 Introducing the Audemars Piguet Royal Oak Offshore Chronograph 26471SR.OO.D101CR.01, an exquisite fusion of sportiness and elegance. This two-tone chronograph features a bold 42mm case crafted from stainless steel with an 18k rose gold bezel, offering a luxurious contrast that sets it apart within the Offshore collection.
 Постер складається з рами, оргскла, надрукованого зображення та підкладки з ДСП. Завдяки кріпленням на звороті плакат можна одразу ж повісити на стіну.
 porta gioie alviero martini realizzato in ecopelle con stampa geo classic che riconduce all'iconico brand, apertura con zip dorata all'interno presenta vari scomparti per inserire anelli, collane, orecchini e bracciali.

..........

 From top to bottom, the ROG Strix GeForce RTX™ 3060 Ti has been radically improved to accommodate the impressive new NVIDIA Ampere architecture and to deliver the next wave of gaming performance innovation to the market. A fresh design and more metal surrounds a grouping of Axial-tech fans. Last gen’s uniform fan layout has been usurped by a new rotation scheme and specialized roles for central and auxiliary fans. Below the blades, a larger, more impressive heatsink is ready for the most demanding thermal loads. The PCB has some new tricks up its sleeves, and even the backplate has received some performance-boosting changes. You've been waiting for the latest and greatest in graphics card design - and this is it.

..........

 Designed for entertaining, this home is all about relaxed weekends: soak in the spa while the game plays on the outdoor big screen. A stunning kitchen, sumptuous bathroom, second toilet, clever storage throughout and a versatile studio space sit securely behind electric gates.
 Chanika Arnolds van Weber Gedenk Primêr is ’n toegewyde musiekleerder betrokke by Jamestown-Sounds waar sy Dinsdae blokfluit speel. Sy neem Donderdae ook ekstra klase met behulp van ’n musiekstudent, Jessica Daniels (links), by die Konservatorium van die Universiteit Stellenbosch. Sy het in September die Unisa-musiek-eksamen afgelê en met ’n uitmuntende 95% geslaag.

..........

== REQUIREMENT ==
Scan the lines above for "Introducing the Audemars" and for "porta gioie alviero". Repeat exactly the line holding each of them and every line in between.

== RESPONSE BELOW ==
 Introducing the Audemars Piguet Royal Oak Offshore Chronograph 26471SR.OO.D101CR.01, an exquisite fusion of sportiness and elegance. This two-tone chronograph features a bold 42mm case crafted from stainless steel with an 18k rose gold bezel, offering a luxurious contrast that sets it apart within the Offshore collection.
 Постер складається з рами, оргскла, надрукованого зображення та підкладки з ДСП. Завдяки кріпленням на звороті плакат можна одразу ж повісити на стіну.
 porta gioie alviero martini realizzato in ecopelle con stampa geo classic che riconduce all'iconico brand, apertura con zip dorata all'interno presenta vari scomparti per inserire anelli, collane, orecchini e bracciali.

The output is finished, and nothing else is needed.